*Activity:* Using the data that follows, return exactly the lines from the one that contains "technology: welding product" through the one that contains "カラフルな大きな布のパラシュートを使って、", ends included.

*Information supplied:*

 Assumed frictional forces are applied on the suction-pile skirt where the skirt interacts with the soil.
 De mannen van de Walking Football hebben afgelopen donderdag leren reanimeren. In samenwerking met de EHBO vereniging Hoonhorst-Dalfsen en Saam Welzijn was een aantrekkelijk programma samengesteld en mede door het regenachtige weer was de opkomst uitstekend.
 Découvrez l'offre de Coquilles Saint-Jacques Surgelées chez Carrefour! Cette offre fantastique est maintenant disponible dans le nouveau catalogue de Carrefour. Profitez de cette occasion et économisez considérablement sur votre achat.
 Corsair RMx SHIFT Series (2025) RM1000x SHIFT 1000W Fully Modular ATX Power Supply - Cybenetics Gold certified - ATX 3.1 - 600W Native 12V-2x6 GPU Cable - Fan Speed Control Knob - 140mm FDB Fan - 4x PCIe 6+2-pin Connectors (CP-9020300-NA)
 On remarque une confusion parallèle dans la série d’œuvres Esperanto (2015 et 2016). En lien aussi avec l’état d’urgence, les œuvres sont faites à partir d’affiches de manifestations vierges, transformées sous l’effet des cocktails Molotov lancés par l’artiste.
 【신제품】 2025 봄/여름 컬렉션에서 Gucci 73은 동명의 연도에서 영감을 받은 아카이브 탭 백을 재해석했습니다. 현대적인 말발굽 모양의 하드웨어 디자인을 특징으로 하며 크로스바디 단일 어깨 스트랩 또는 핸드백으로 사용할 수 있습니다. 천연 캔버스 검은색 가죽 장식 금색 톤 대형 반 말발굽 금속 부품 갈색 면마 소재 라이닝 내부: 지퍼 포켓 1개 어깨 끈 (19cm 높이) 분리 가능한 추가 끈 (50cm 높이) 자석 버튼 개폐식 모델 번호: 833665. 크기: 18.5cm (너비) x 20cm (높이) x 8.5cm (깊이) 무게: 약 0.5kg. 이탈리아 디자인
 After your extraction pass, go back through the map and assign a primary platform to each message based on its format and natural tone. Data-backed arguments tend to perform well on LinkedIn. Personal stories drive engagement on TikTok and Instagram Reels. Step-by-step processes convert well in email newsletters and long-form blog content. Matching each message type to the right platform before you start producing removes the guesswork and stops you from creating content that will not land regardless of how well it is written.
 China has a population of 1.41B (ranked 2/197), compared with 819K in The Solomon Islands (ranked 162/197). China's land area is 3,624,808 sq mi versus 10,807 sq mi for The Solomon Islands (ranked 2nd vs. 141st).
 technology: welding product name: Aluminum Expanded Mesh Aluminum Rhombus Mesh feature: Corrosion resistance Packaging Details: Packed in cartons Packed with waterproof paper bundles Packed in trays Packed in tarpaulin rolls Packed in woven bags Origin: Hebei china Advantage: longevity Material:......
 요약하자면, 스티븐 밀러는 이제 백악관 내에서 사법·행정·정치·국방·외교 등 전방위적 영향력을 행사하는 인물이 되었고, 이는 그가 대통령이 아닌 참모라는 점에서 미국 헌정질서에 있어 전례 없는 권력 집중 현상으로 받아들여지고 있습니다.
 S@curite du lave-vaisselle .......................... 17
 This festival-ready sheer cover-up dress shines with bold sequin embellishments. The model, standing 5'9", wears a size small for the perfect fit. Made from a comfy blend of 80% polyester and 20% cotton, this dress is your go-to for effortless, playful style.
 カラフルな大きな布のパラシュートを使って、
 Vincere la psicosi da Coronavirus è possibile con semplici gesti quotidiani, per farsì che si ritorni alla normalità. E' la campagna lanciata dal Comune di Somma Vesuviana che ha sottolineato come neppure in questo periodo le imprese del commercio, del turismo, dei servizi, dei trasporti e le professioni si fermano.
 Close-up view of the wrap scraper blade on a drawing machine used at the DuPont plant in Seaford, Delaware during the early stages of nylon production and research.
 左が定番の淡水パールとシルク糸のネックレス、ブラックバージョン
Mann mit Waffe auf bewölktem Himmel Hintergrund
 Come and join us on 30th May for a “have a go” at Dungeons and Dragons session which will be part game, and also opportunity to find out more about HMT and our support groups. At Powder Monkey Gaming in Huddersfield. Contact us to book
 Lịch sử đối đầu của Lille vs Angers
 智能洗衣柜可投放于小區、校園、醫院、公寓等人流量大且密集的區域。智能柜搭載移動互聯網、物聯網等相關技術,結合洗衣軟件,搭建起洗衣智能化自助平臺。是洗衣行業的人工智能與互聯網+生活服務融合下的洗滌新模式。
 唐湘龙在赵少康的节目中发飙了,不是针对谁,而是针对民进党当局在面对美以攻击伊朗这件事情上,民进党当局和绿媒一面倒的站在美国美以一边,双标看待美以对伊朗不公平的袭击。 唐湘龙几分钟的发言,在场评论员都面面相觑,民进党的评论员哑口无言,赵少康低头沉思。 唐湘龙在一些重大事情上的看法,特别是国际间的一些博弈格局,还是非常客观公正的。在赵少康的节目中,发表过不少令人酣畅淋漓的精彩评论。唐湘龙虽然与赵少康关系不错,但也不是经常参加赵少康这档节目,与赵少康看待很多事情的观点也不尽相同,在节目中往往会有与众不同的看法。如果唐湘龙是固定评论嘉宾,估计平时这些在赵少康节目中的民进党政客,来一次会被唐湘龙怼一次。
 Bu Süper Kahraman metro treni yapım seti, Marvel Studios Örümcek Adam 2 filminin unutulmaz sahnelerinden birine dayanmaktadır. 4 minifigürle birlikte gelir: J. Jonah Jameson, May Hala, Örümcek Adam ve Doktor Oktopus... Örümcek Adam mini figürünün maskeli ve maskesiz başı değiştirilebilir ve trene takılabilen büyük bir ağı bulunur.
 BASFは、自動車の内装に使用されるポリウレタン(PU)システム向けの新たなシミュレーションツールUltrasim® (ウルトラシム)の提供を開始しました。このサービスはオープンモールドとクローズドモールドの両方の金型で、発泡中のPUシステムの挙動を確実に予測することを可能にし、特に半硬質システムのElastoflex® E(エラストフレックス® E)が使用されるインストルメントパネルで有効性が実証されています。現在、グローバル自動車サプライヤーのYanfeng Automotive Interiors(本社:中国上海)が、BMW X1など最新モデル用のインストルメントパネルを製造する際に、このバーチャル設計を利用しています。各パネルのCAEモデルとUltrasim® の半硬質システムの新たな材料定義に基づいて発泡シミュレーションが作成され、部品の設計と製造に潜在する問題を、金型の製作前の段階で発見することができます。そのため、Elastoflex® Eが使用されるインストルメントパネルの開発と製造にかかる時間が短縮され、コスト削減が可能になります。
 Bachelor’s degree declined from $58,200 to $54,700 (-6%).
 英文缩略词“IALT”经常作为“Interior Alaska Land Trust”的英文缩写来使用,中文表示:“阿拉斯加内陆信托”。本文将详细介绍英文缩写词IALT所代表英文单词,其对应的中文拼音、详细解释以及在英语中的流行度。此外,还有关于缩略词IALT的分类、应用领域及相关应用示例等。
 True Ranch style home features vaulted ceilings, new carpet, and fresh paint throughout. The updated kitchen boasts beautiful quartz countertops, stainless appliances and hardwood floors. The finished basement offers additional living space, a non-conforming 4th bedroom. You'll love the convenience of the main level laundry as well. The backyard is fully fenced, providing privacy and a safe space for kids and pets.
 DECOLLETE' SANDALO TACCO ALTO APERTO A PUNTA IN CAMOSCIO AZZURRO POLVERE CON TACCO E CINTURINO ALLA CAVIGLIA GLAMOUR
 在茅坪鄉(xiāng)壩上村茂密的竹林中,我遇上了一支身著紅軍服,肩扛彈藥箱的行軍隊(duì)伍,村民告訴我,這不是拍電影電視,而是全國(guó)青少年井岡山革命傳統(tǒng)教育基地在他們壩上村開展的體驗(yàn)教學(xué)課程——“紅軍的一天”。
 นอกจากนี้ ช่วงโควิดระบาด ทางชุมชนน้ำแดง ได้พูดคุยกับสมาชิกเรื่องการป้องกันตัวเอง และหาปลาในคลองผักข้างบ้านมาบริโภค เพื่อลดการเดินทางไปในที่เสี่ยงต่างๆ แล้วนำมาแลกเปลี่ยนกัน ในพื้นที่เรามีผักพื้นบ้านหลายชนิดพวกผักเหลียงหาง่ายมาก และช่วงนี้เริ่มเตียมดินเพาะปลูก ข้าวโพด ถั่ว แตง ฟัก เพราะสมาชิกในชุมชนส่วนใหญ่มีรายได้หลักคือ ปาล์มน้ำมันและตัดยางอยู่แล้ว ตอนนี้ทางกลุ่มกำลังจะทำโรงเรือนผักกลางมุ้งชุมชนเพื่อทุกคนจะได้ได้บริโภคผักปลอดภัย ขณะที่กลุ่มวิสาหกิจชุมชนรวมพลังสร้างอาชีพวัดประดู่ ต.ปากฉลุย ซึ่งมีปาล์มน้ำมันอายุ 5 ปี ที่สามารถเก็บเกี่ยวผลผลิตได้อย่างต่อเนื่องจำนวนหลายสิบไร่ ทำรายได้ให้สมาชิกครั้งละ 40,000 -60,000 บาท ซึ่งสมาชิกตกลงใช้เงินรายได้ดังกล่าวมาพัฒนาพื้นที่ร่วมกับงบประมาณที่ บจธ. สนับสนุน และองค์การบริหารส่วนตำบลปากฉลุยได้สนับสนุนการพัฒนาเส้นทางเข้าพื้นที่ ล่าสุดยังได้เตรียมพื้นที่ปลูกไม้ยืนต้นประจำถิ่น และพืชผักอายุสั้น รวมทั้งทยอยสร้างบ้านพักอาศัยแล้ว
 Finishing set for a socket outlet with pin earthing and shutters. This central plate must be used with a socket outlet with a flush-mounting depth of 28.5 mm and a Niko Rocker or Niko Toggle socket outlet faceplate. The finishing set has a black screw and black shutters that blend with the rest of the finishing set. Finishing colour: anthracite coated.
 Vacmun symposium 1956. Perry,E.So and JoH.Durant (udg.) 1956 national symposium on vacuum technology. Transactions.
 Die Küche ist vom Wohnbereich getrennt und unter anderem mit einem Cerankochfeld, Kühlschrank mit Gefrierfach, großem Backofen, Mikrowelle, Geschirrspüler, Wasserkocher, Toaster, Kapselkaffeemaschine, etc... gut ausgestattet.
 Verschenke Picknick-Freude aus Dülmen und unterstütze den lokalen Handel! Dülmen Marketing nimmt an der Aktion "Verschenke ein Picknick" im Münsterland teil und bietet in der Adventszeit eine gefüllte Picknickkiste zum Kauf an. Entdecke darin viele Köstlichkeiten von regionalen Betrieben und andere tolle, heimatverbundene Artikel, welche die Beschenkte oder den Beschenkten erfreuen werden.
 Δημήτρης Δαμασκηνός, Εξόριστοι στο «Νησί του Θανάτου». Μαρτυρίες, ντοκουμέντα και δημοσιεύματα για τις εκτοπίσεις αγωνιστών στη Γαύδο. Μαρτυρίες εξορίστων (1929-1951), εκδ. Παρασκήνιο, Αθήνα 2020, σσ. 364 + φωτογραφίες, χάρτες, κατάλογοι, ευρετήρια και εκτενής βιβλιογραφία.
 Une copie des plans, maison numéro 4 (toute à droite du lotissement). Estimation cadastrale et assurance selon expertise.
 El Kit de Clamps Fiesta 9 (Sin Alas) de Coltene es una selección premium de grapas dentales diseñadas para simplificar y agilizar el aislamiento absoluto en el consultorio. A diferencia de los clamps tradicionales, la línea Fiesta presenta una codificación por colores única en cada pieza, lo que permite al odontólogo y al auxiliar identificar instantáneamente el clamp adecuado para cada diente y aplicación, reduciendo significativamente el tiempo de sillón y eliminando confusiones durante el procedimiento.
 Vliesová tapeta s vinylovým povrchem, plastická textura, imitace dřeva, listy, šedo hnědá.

*Your solution:*
 technology: welding product name: Aluminum Expanded Mesh Aluminum Rhombus Mesh feature: Corrosion resistance Packaging Details: Packed in cartons Packed with waterproof paper bundles Packed in trays Packed in tarpaulin rolls Packed in woven bags Origin: Hebei china Advantage: longevity Material:......
 요약하자면, 스티븐 밀러는 이제 백악관 내에서 사법·행정·정치·국방·외교 등 전방위적 영향력을 행사하는 인물이 되었고, 이는 그가 대통령이 아닌 참모라는 점에서 미국 헌정질서에 있어 전례 없는 권력 집중 현상으로 받아들여지고 있습니다.
 S@curite du lave-vaisselle .......................... 17
 This festival-ready sheer cover-up dress shines with bold sequin embellishments. The model, standing 5'9", wears a size small for the perfect fit. Made from a comfy blend of 80% polyester and 20% cotton, this dress is your go-to for effortless, playful style.
 カラフルな大きな布のパラシュートを使って、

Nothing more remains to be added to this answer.